Segment Start: Excerpted data

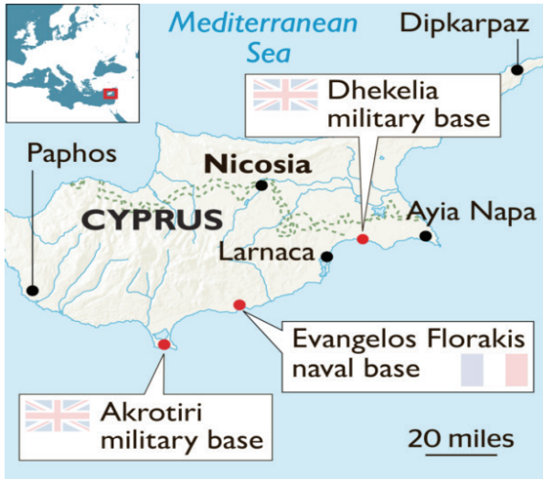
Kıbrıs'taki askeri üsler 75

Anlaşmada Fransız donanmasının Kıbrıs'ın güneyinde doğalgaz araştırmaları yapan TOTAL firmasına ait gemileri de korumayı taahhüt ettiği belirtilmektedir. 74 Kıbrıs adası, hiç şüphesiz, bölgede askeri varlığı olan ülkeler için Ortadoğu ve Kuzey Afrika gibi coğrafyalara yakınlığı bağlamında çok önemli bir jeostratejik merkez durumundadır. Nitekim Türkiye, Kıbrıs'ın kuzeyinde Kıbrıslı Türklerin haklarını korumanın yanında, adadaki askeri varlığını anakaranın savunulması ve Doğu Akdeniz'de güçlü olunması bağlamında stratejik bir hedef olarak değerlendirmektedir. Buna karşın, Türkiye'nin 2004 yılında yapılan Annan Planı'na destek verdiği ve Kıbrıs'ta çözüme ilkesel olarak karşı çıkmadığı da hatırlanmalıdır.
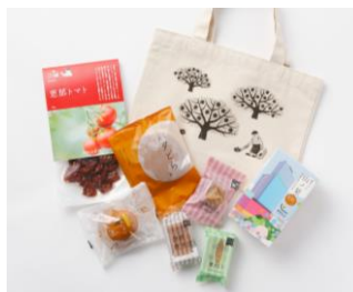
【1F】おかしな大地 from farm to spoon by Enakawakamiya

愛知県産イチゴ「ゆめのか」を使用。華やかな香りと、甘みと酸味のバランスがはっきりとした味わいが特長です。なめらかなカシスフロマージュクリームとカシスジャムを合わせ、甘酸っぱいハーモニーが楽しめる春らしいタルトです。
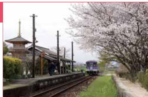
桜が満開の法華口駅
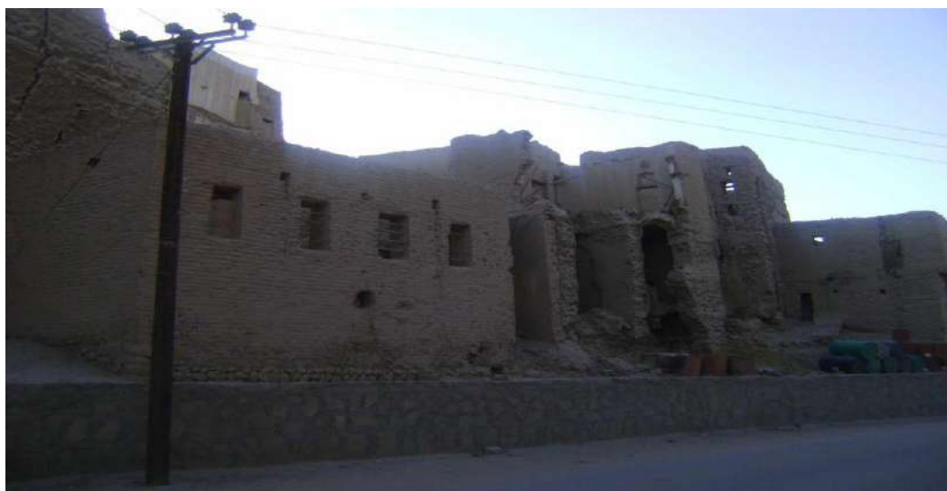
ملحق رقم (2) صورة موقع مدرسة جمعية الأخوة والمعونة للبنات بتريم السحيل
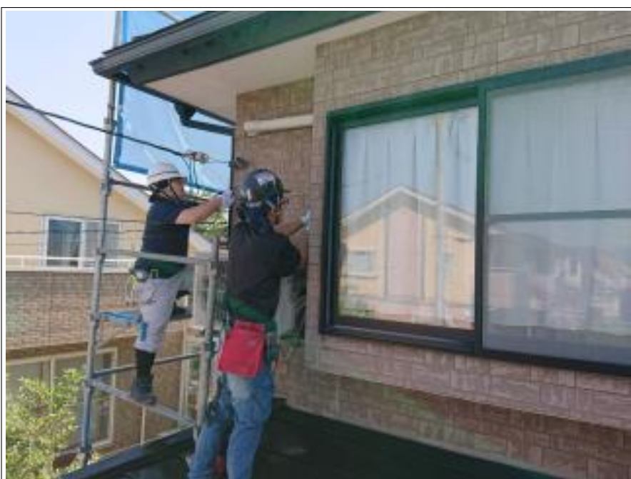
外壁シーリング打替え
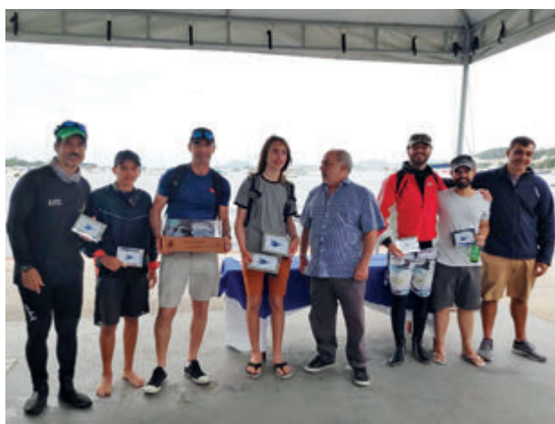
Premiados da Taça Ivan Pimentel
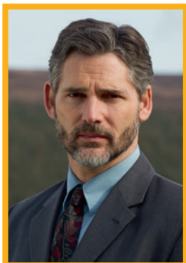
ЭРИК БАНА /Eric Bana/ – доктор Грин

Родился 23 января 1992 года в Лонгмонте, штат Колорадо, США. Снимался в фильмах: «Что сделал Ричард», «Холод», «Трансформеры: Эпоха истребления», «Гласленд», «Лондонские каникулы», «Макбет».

Segment End: Excerpted data
Segment Start: Excerpted data

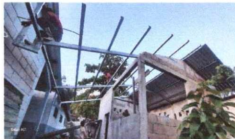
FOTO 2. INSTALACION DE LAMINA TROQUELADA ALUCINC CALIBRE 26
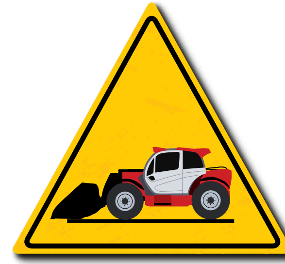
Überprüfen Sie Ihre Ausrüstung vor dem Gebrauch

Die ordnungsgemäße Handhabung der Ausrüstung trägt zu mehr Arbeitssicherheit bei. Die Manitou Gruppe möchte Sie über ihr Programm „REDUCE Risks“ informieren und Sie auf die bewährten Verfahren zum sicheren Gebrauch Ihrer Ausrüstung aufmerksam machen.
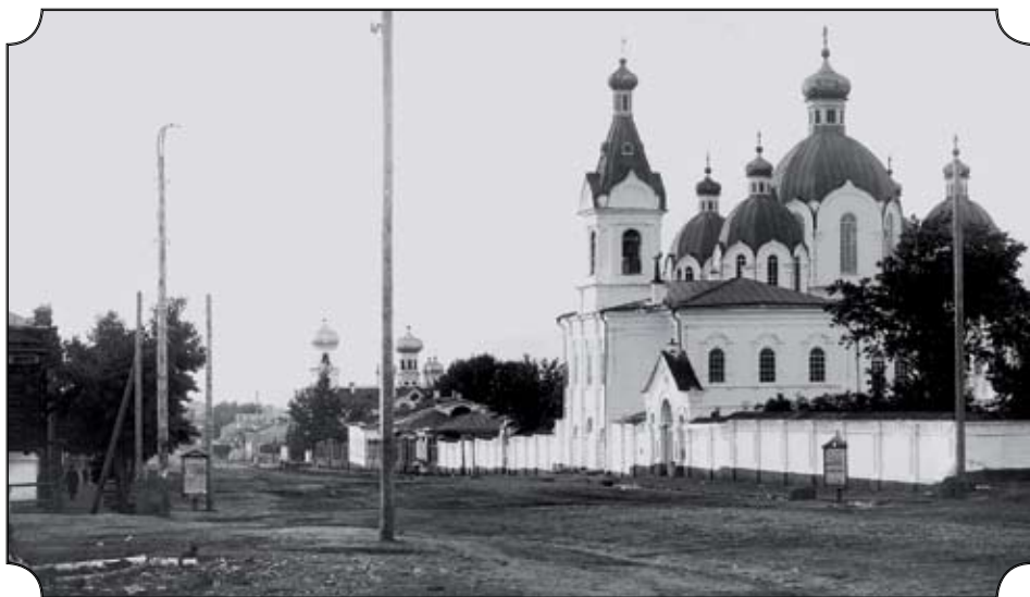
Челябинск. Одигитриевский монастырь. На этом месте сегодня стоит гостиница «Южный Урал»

Segment End: Excerpted data

### Exercise:
Return word for word the lines of the listing above, starting at the line with "Kıbrıs'taki askeri üsler 75" and ending at the line with "Родился 23 января", both included. Pictures do not belong in the copy.

### Output:
Kıbrıs'taki askeri üsler 75

Anlaşmada Fransız donanmasının Kıbrıs'ın güneyinde doğalgaz araştırmaları yapan TOTAL firmasına ait gemileri de korumayı taahhüt ettiği belirtilmektedir. 74 Kıbrıs adası, hiç şüphesiz, bölgede askeri varlığı olan ülkeler için Ortadoğu ve Kuzey Afrika gibi coğrafyalara yakınlığı bağlamında çok önemli bir jeostratejik merkez durumundadır. Nitekim Türkiye, Kıbrıs'ın kuzeyinde Kıbrıslı Türklerin haklarını korumanın yanında, adadaki askeri varlığını anakaranın savunulması ve Doğu Akdeniz'de güçlü olunması bağlamında stratejik bir hedef olarak değerlendirmektedir. Buna karşın, Türkiye'nin 2004 yılında yapılan Annan Planı'na destek verdiği ve Kıbrıs'ta çözüme ilkesel olarak karşı çıkmadığı da hatırlanmalıdır.
【1F】おかしな大地 from farm to spoon by Enakawakamiya

愛知県産イチゴ「ゆめのか」を使用。華やかな香りと、甘みと酸味のバランスがはっきりとした味わいが特長です。なめらかなカシスフロマージュクリームとカシスジャムを合わせ、甘酸っぱいハーモニーが楽しめる春らしいタルトです。
桜が満開の法華口駅
ملحق رقم (2) صورة موقع مدرسة جمعية الأخوة والمعونة للبنات بتريم السحيل
外壁シーリング打替え
Premiados da Taça Ivan Pimentel
ЭРИК БАНА /Eric Bana/ – доктор Грин

Родился 23 января 1992 года в Лонгмонте, штат Колорадо, США. Снимался в фильмах: «Что сделал Ричард», «Холод», «Трансформеры: Эпоха истребления», «Гласленд», «Лондонские каникулы», «Макбет».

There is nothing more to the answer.